In de bundel 'Critical Essays' van George Orwell, verzameld in 2008 vind ik 'Confessions of a Book Reviewer' uit 1946. Ze beginnen zo:
'In een koude maar stoffige zit-slaapkamer bezaaid met sigarettenpeuken en halflege theekopjes, zit een man in een door de motten aangevreten kamerjas, aan een wankele tafel waarop hij probeert plaats te vinden voor zijn tikmachine tussen de stapels stoffige papieren die hem omringen. Hij kan de papieren niet weggooien omdat de prullenbak al overstroomt, en bovendien, ergens tussen de onbeantwoorde brieven en onbetaalde rekeningen zit een cheque van twee guineas die hij vergat te betalen bij de bank. Er zijn ook brieven met adressen die in zijn adresboek moeten worden overgenomen. Hij is z'n adresboek kwijt, en de gedachte er naar te gaan zoeken, of werkelijk naar wat dan ook te gaan zoeken, bezorgt hem acute aanvechtingen tot zelfmoord.'
'Hij is een man van 35, maar oogt als 50. Hij is kaal, heeft opgezette aderen en draagt een bril, of zou die dragen als zijn enige exemplaar niet chronisch zoek was.'
Toch komt zijn stuk op tijd bij de redactie: 'Omstreeks negen uur 's avonds is hij relatief helder en tot de kleine uurtjes zit hij op zijn kamer, die kouder en kouder wordt, en de sigarettenrook dikker en dikker.
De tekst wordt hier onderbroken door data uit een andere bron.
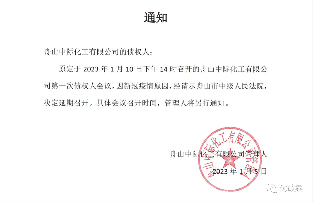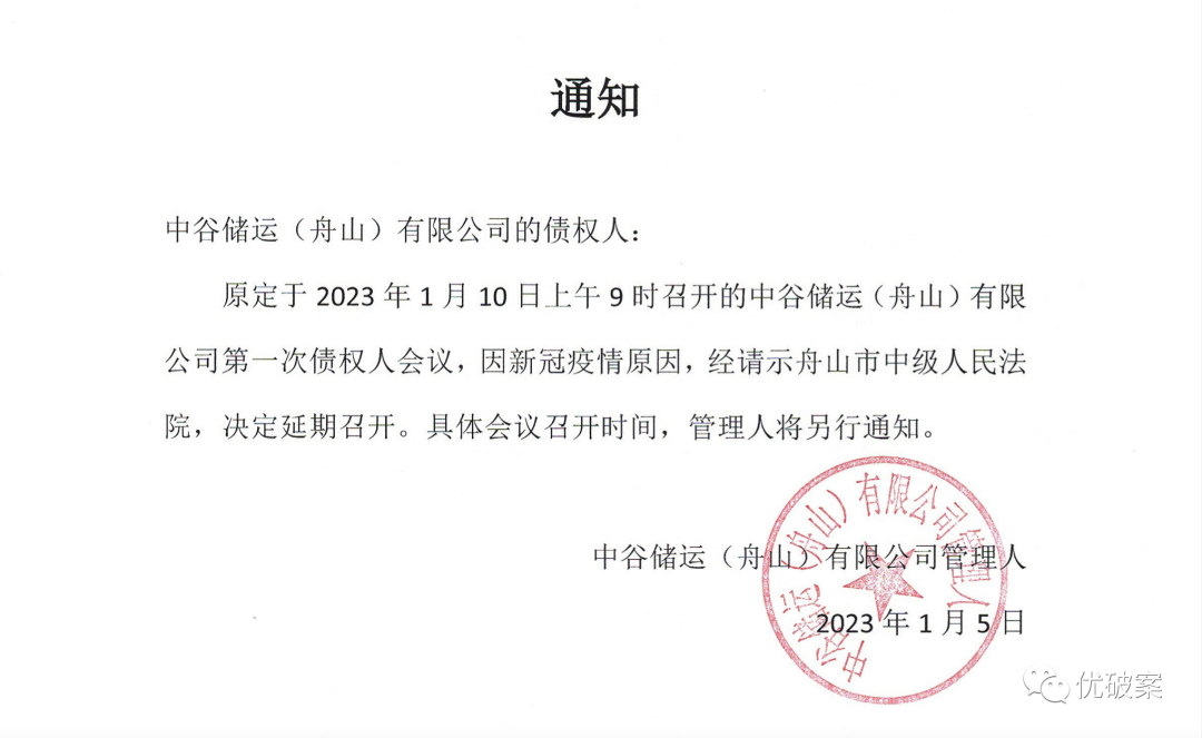 原定于2023年1月10日上午9时召开的中谷储运(舟山)有限公司第一次债权人会议,因新冠疫情原因,经请示舟山市中级人民法院,决定延期召开。具体会议召开时间,管理人将另行通知。

In de ochtend, met uitgeputte ogen, nors en ongeschoren, zal hij een uur of twee naar een vel wit papier staren tot de dreigende vinger van de klok hem aan het werk jaagt.'
ps. In 2012 leidde een standbeeld van een rokende Orwell bij het BBC-gebouw tot veel heibel. Hij rookte 'altijd'. Het bleef staan. Met veel peuken van nu eromheen.